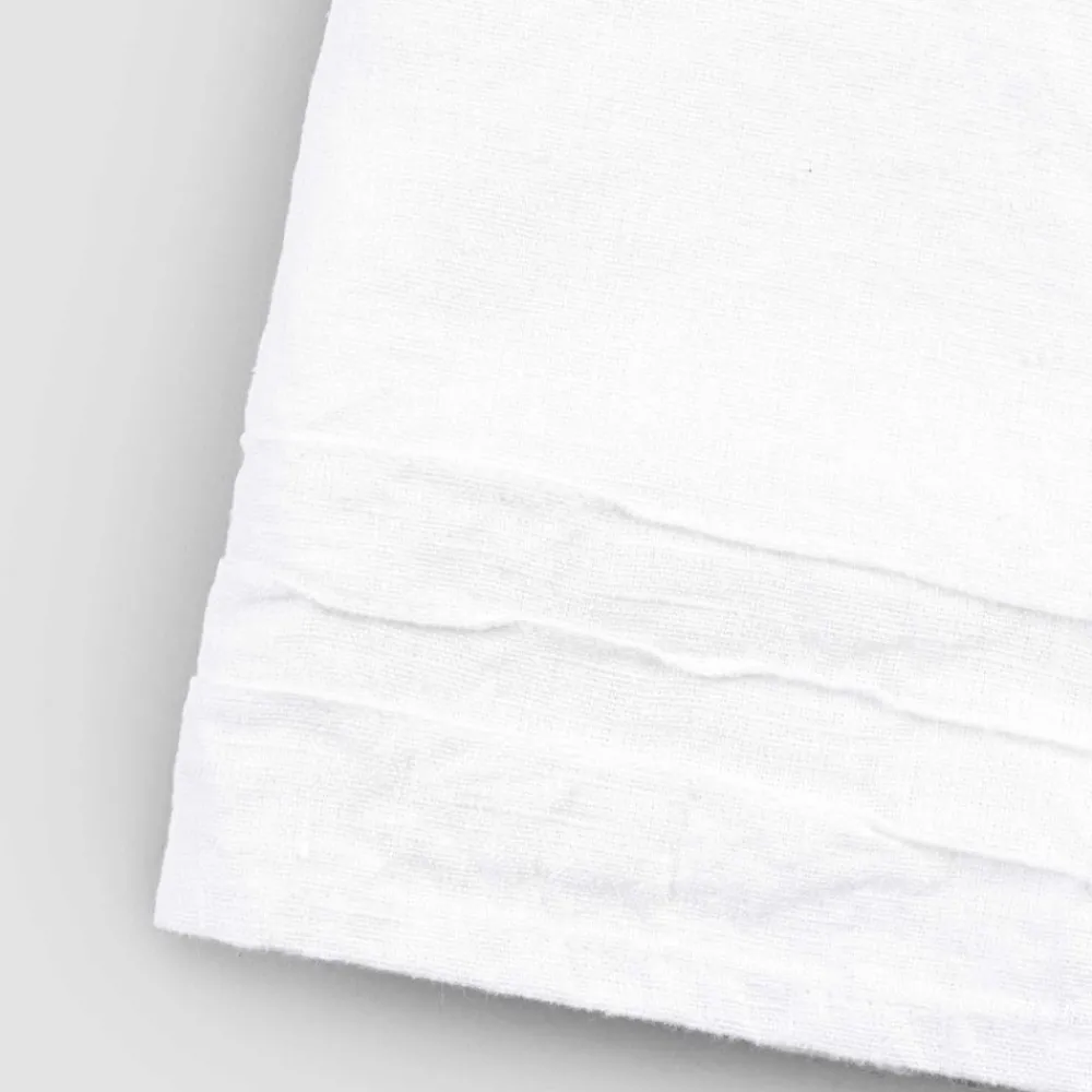 Der Wert der Tradition verbindet den modernen Lebensstil mit dem weißen Badetuch aus schwerem Leinen mit einem genähten Faltenrand.
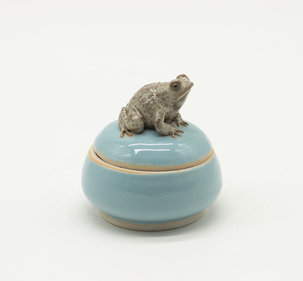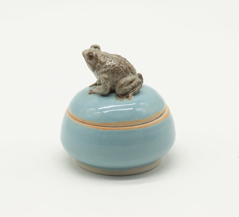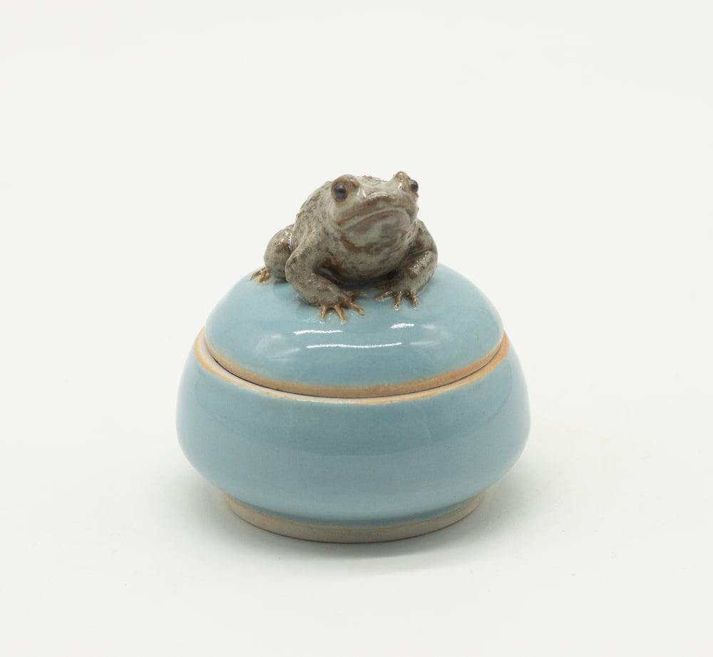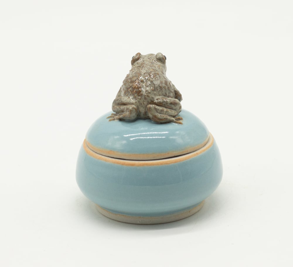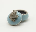 Miniature porcelain lidded box adorned with sculpted frog. 2.5" x 2.5" x 2.5".
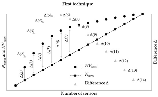 The first technique, the Kneedle method, starts by rescaling the estimated hypervolume data to [0,1], leading to the normalized hypervolume values, HVnorm. The number of sensors between 1 and Nmax should also be rescaled to [0,1], leading to the normalized number of sensors values, Nnorm. These values are represented in Figure 3 as black circles and squares, respectively, considering Nmax = 15 in this example. Finally, the differences Δ between HVnorm and Nnorm are calculated, as exemplified with grey arrows and triangular markers in Figure 3. The optimal number of sensors, Nopt, is selected as the number of sensors that presents the maximum difference.
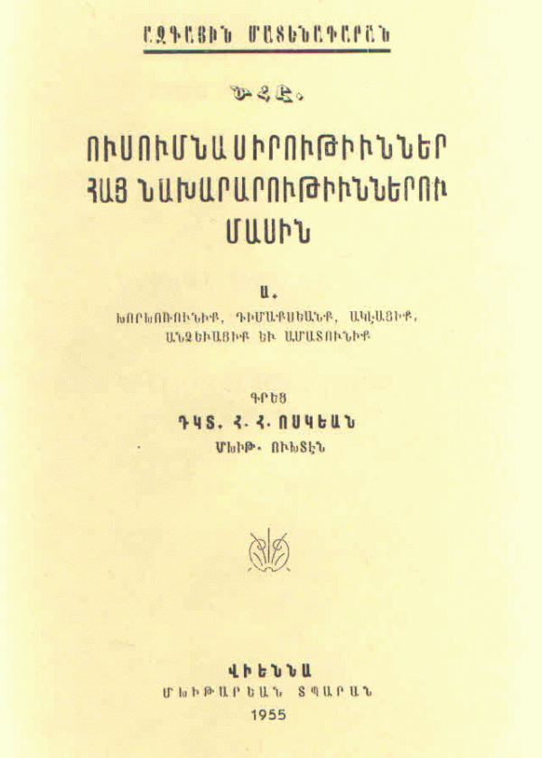 Հ. Ա - Խոռխոռունիք, Դիմաքսեանք, Ակէացիք, Անձեւացիք եւ Ամատունիք, 1955.- 120 էջ
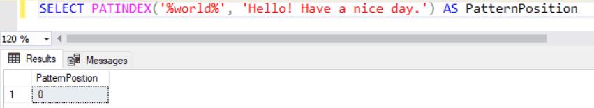 SELECT PATINDEX('%world%', 'Hello! Have a nice day.') AS PatternPosition
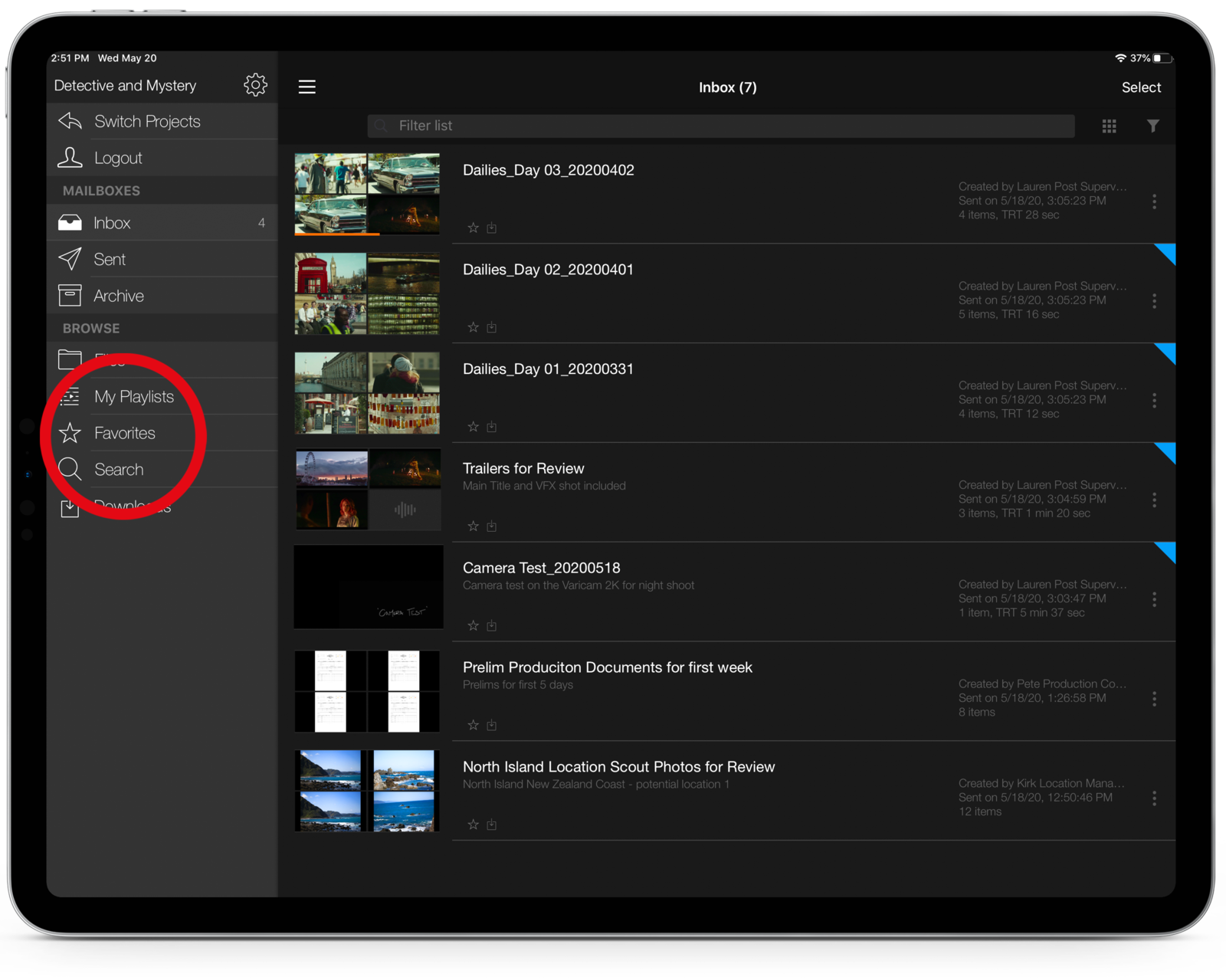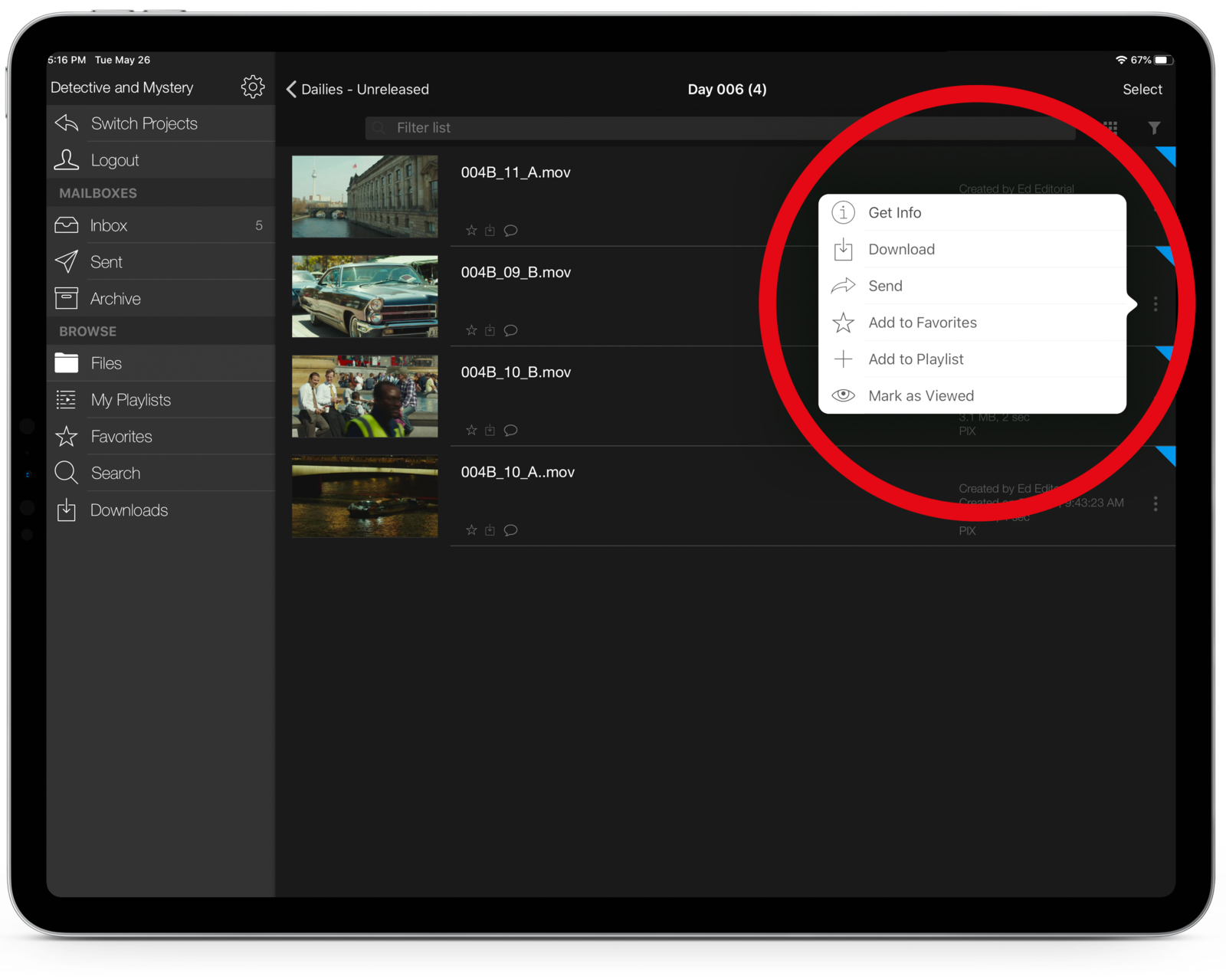 On an iPad, you can also mark favorites while browsing through your inbox files, playlists, and downloads.
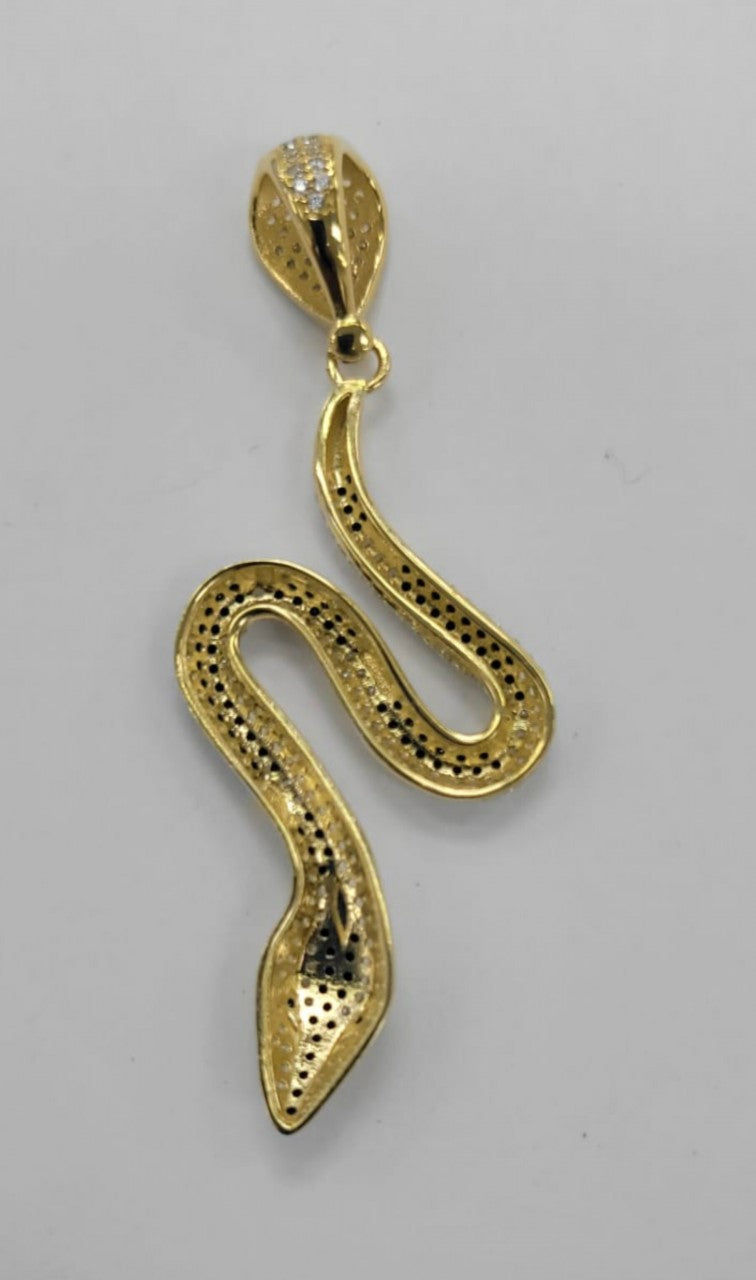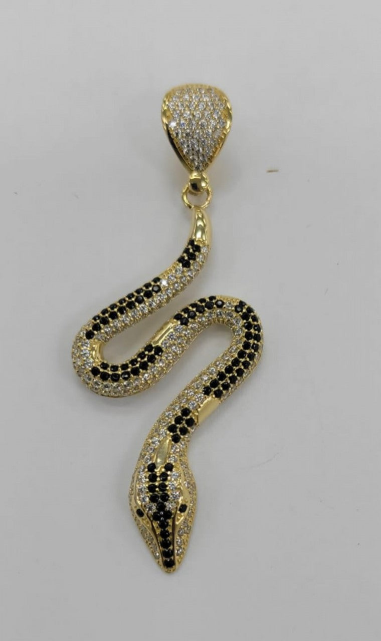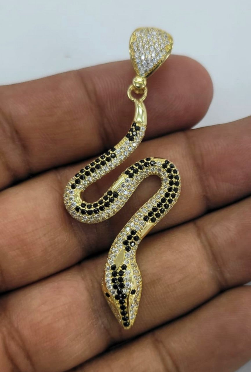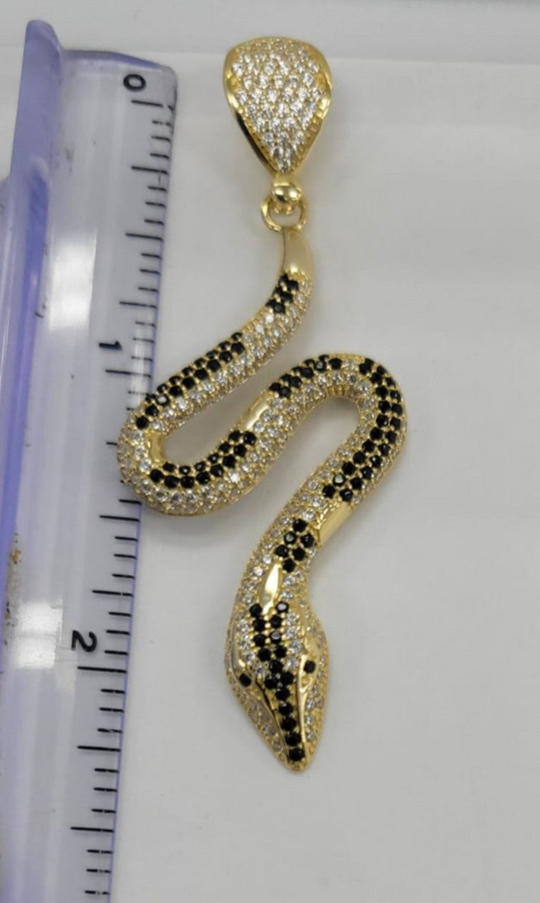10K Gold Snake with black stones pendant, premium quality , Brand new
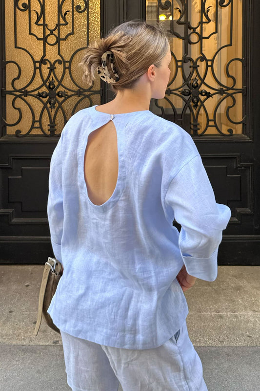 Outfit by Maria Hason | All Linen Pearl Gray Pants & Open back top
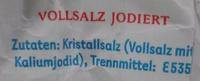 Ingredients: Kristallsalz (Vollsalz mit Kaliumjodid), Trennmittel: E535.
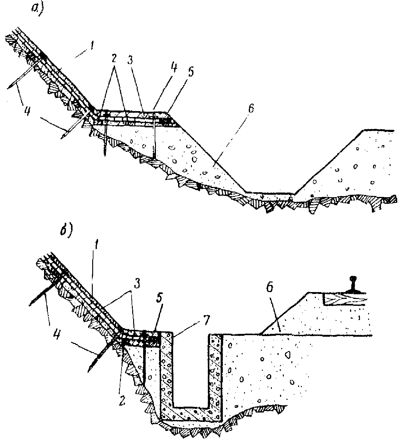 5 - защитный слой на откосе; 6 - монтажный анкер;
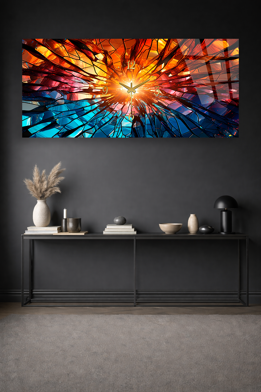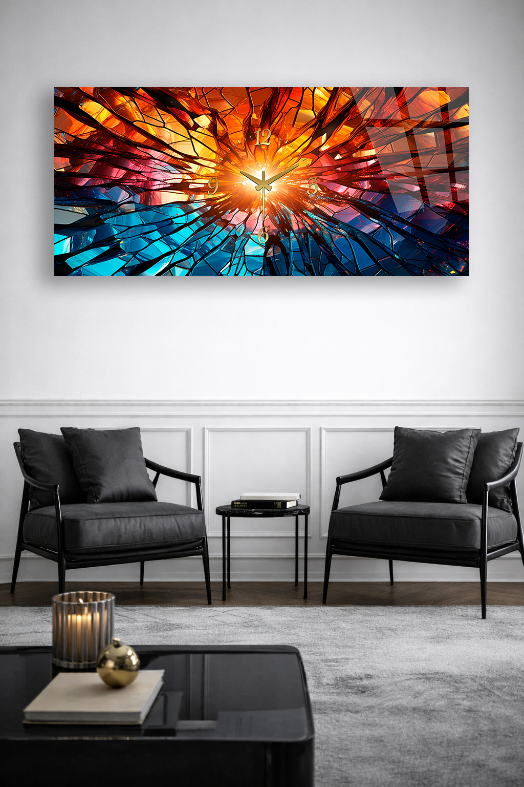 KIRILMAZ CAM DUVAR SAATİ , HEM TABLO HEM SAAT SOYUT RENK PATLAMASI TASARIM EV OFİS HEDİYESİ
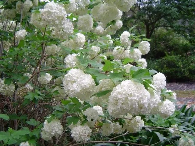 4. ต้น Guelder rose หรือ viburnum opollus ต้นไม้ที่มีดอกไม้สีขาวเป็นพวงกลมๆ ช่วยสร้างสีสันให้กับสวนสวยของคุณได้ไม่น้อย
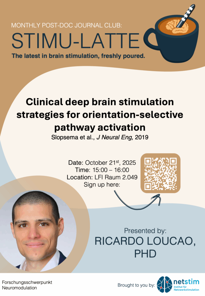 We are proud to present our new in-person journal club series: Stimu-latte! This post-doc-run journal club takes place once a month on Tuesdays at 3:00 PM. We will gather in a friendly environment and discuss the latest developments on neuromodulation over a cup of coffee. Coffee and snacks will be provided for the first session. Neuromodulation enthusiasts from all career levels are welcome! On this page, you can find upcoming and previous sessions. Looking forward to stimulating discussions!

Aim of the task :: Using the entries above, write out exactly the lines from the one with "SELECT PATINDEX('%world%', 'Hello!" through the one with "10K Gold Snake", ends included. Leave out any pictures.

Task result ::
 SELECT PATINDEX('%world%', 'Hello! Have a nice day.') AS PatternPosition
 On an iPad, you can also mark favorites while browsing through your inbox files, playlists, and downloads.
10K Gold Snake with black stones pendant, premium quality , Brand new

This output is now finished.